The final part of the if statement looks like this.
1
2
/* Large x is special cased below. */
abstop = 0;
The fact that the code reached this part tells that $x$ is large (between 512 and 1024), but are not guaranteed to overflow. So, the code sets a flag by setting abstop to 0, and handles them later in the function specialcase().
Now that we’ve got this out of the way, we can now look at the main body of the function.
Main Body
Lets start by looking at the beginning part.
1
2
3
4
5
6
7
8
9
10
11
12
/* exp(x) = 2^(k/N) * exp(r), with exp(r) in [2^(-1/2N),2^(1/2N)]. */
/* x = ln2/N*k + r, with int k and r in [-ln2/2N, ln2/2N]. */
z = InvLn2N * x;
#if TOINT_INTRINSICS
kd = roundtoint (z);
ki = converttoint (z);
#else
/* z - kd is in [-1, 1] in non-nearest rounding modes. */
kd = math_narrow_eval (z + Shift);
ki = asuint64 (kd);
kd -= Shift;
#endif
This is the range reduction part I talked about in the beginning. Like the comment says, rather than solving $e^x$ directly, we use the following identity.
\[e^x = e^{k \cdot \ln 2 / N + r} = (e^{\ln 2})^{k/N} \cdot e^r = 2^{k/N} \cdot e^r\]Here, $N$ is a fixed constant, $k$ is an integer that represents how many chunks of $\frac{\ln 2}{N}$ fit into $x$, and $r$ is the remainder left over that is smaller than $\frac{\ln 2}{N}$. In the code above, kd is $k$ as a double, and ki is $k$ as a uint64_t.
If you remember the macro, $N$ is defined as 1 << EXP_TABLE_BITS. This is to balance CPU resources calculations. EXP_TABLE_BITS is basically the size of the lookup table T, and if this size is large (meaning $N$ is large) it would use a lot of CPU resources, but because $N$ is large, $r$ becomes small, making calculation of polynomials quicker.

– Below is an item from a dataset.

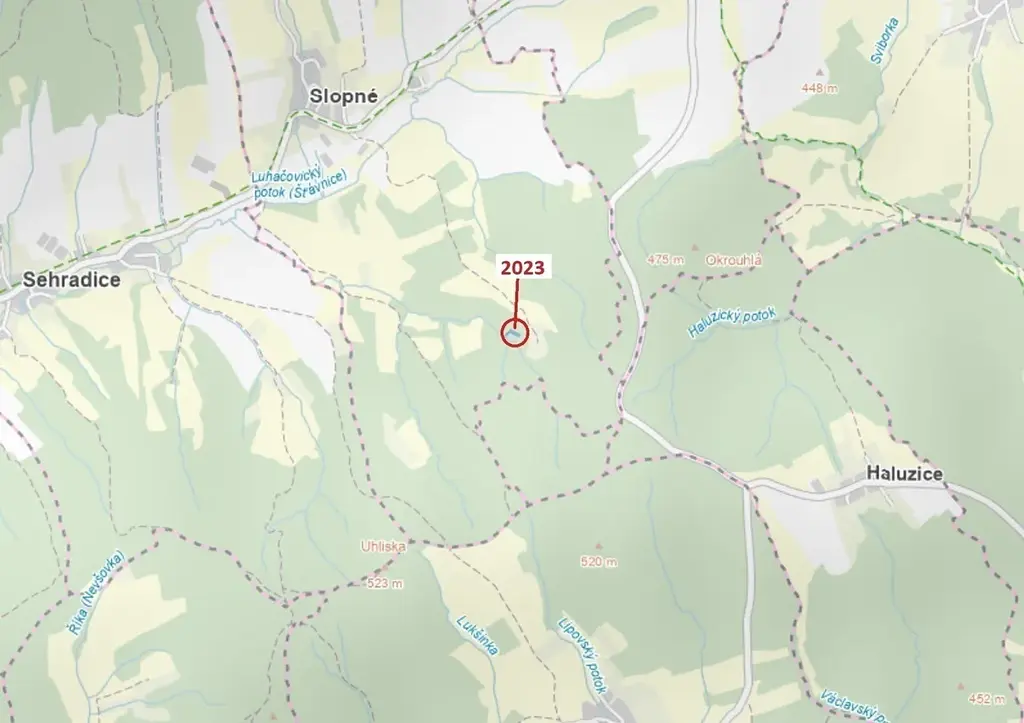 Ostatní plocha o výměře 1294 m2, parcelní číslo 2023, podíl 1/1, katastrální území Slopné, obec Slopné, obec s rozšířenou působností Luhačovice, okres Zlín, Zlínský kraj.

The same goes the other way around. If you look up e_exp_data.c $N$ is set to 128.
The code snippet above is used to find $k$. It starts by multiplying InvLn2N (defined above, which has the value 0x1.71547652b82fep0 * N), which is $\frac{N}{\ln 2}$ to find $z$. Obviously, the closest integer to $z$ would be $k$. To find this integer, the code either uses hardware instructions (the TOINT_INTRINSICS), or uses some other method.
If we have hardware instructions (meaning TOINT_INTRINSICS is true), then we can simply use those instructions (roundtoint() and converttoint()) to earn $k$.

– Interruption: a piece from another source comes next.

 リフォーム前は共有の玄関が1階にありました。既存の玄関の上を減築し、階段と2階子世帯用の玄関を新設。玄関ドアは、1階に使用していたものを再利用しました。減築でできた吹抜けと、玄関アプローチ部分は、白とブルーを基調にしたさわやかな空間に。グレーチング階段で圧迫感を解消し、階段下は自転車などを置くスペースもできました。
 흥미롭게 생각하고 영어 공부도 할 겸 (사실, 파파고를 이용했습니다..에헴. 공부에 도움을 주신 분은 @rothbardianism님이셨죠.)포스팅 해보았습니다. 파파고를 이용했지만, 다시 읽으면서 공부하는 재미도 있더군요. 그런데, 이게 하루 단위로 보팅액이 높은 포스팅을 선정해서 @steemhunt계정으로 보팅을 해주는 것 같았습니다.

Otherwise, we have to manually find $k$. This part is really hacky, and uses something called a Shift trick. The basic idea to round $z$ is to add a large number Shift, then subtract Shift. This might look weird, but is actually quite smart.
When simply using the casting operator (int), the CPU pauses, and does some stuff, which takes several CPU cycles. Since glibc is optimized as hell, they avoid this by performing floating-point addition, which is extremely fast. When adding a large number Shift (which is defined as 0x1.8p52), the CPU must align the decimal points. Because Shift is large, the CPU has to shift the bits of $z$ 52 spaces to the right. This causes the decimal part of $z$ to be pushed out of the CPUs memory, leaving only the integer part, automatically rounding $z$. Then, by subtracting Shift, we are left with the rounded $z$, which is $k$.
The function math_narrow_eval() tells the CPU to strictly round the calculation to a standard 64 bit double, and not to do any other weird tricks. Also, ki is given the value asuint64(kd) right after Shift is added. Since Shift is around $2^{52}$, the actual integer part of $z$ sits at the very bottom bits of the 64 double. Therefore, just grabbing those raw bits give us the integer version of $k$.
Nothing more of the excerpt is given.